When analyzing data, the first thing one should do is get an overall sense of data. By applying a few simple rules-of-thumb, one can interpret a 2D x-ray scattering image, understanding the origin of various features, and infer quite a bit about the structure of the sample.
- 1 Amount of Order
- 2 Peak Position
- 3 Peak Width
- 4 Scattering Intensity
- 5 Higher Orders
- 6 Missing Orders
- 7 Orientation Distribution
- 8 Crystal Order and Orientation
Amount of Order
One can roughly estimate the 'amount of order' by simply inspecting the scattering data.
A lack of scattering signal is a good indicator that the sample lacks any kind of well-defined structure (at least in the size-scales being probed by the available q-range).
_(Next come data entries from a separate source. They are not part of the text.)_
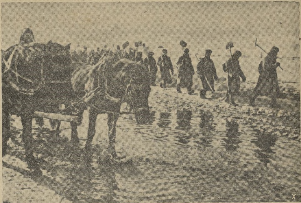
Los caminos y carreteras encharcados a consecuencia del deshielo, son puestos nuevamente en estado de circulación gracias al eficaz servicio de limpieza.

nes diplomáticos turcos desde hace cuatro años y sin herir a ninguno de los dos bandos adversarios ha logrado resolver los problemas más delicados y difíciles del Derecho Internacional. Turquía cree que toda nación debe tener libertad para salvaguar-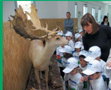
Stazione del Corpo Forestale e di Vigilanza Ambientale - Ripartimento di Sassari.

VENERDÌ 20 MARZO 2009. LU TRAINEDDU (SS) DALLE ORE 9:30 ALLE ORE 12:00.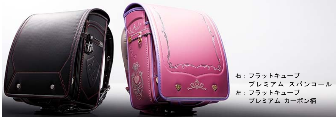
右：フラットキューブ プレミアム スパソール 左：フラットキューブ プレミアム カーボン柄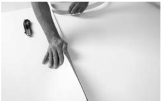
Abb. 7: Doppelschnitt: Zwei Bahnen leicht überlappen lassen und mit einem Cuttermesser durch beide Bahnen durchschneiden.

Abb. 6: Die nächste Bahn der Unterlage wird angelegt und ein Teil der Schutzfolie abgezogen. Der Boden muss die beiden Bahnen jeweils um mindestens 5 cm überlappen. Ggf. ist die Unterlage mittels Doppelschnitt (Abb 7/8) anzupassen.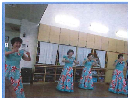
ダンサーの方々の笑顔もステキです！

Of course, one must be careful to eliminate other possibilities: sample misaligned, beam flux too low, etc. A particular pathological possibility is that the sample is actually extremely well-ordered (e.g. single crystal), but just happens to be in an alignment where none of the reciprocal-space peaks are on the detector. (If you suspect this is the case, you should try reorienting the sample.)
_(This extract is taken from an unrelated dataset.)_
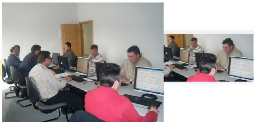
Sala de informática

En el Área de Consultoría, entre otras tareas, se llevan a cabo acciones de atención individualizada a los candidatos: asesoramiento, orientación laboral, personal y de apoyo psicológico; mediante tutorías presenciales y telefónicas. Se realizan también actualizaciones de currículos y se adecuan los mismos para posibles ofertas de empleo. También se hace el seguimiento del Programa “Brújula”, abierto a su ejecución para todos los candidatos, que se entrenan y simulan entrevistas de trabajo, para garantizar un buen resultado en los procesos de selección de personal.

Diffuse scattering is the scattering intensity which is spread over a wide range of q-values, and lacks any definite structure (i.e. it is not concentrated into a peak, ring, or even broad halo). This kind of scattering arises from structuring that is not periodic or otherwise well-ordered. Thus, it arises from random ordering, or from disorder. For instance, a nanoporous material (sponge-like, with voids of many different sizes) will give rise to intense low-q diffuse scattering. A rough surface will create substantial diffuse scattering (a broad and bright specular rod) in GISAXS. Thus, diffuse scattering is a signature of some kind of random realspace structure. Unfortunately, quantitative analysis of this kind of scattering is quite difficult (since there are so many models that give rise to essentially the same diffuse scattering signature).
Single Broad Ring (Halo)
A sharp scattering ring arises from a well-defined repeating structure (that is otherwise oriented isotropically). A broad ring typically arises from a structure that has some level of local order, but where this order does not persist over large distances. For instance, random nanoparticle packing will likely have a preferred particle-particle distance, giving rise to a halo in SAXS. The lack of long-range order makes the halo broad. Similarly, amorphous or semi-crystalline polymers frequently exhibit a halo in the wide-angle, arising from the preferred chain packing distance.
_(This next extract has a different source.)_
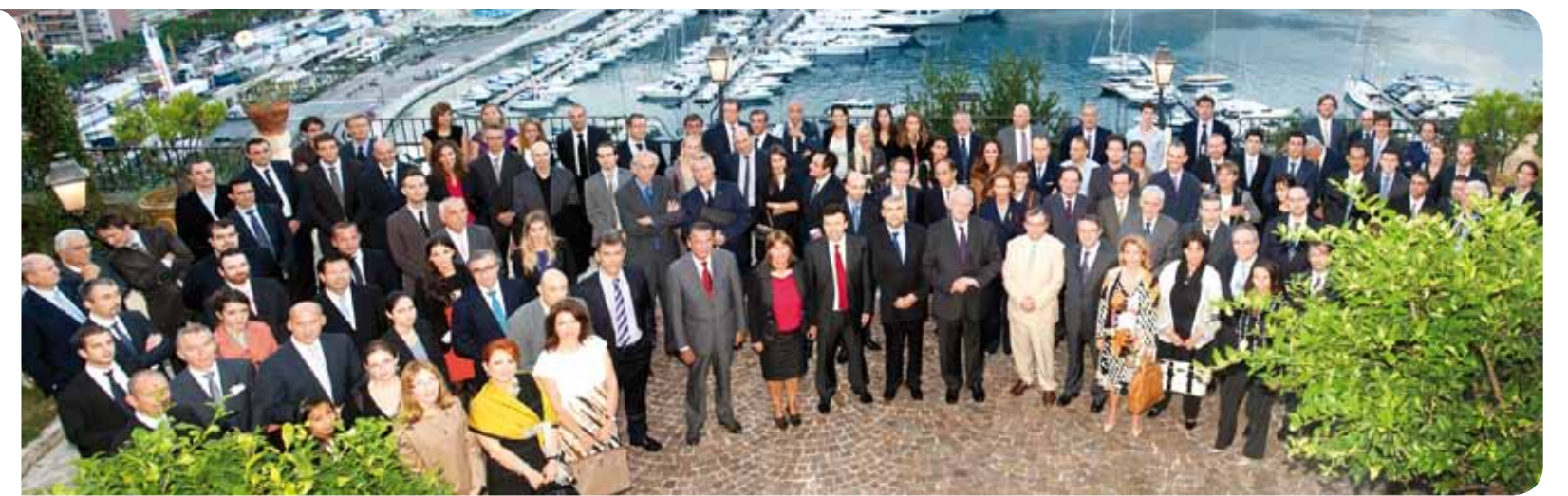
L'ensemble des participants à la réception du 23 octobre 2012

Au sein du Département des Affaires Sociales et de la Santé, la Commission d'Insertion des Diplômés travaille en parfaite collaboration et complémentarité avec le Service de l'Emploi, la Direction des Ressources Humaines et de la Formation de la Fonction Publique, ainsi qu'avec la Direction de l'Éducation Nationale, de la Jeunesse et des Sports (DENJS).

The appearance of a single (relatively sharp) scattering ring indicates that the material exhibits a well-defined periodic ordering in realspace. The peak width can be used to estimate the distance over which this order is maintained (i.e. the grain size). A smooth ring (equal intensity at all angles) indicates that the sample is isotropic (grains in every possible orientation).
The appearance of multiple scattering rings indicates a well-ordered material. The various rings arise from different crystallographic planes in the unit cell, which again point to a very well-defined local packing, which is then repeated throughout space.
Multiple Sharp Rings
Scattering that involves many sharp rings indicates a highly-ordered system: for WAXS, this usually means a crystal; for SAXS, this similarly means a nanoscale crystal-like ordering, such as a superlattice.
Scattering rings are isotropic when the beam probes a distribution of grains at every possible orientation. If the grains become sufficiently large, the beam no longer probes a uniform distribution; instead it probes a random sampling of grains at specific orientations. The result is that the ring becomes 'speckled' or 'grainy' (this can be quantified to estimate grain size). Thus, highly speckled rings indicate crystalline order that is 'extremely good'.
Multiple Sharp Peaks
When scattering patterns exhibit distinct peaks, rather than rings, this indicates that the material is well-ordered, and well-oriented. Thus, the sample's structure is not isotropic: there is a preferred orientation for the material.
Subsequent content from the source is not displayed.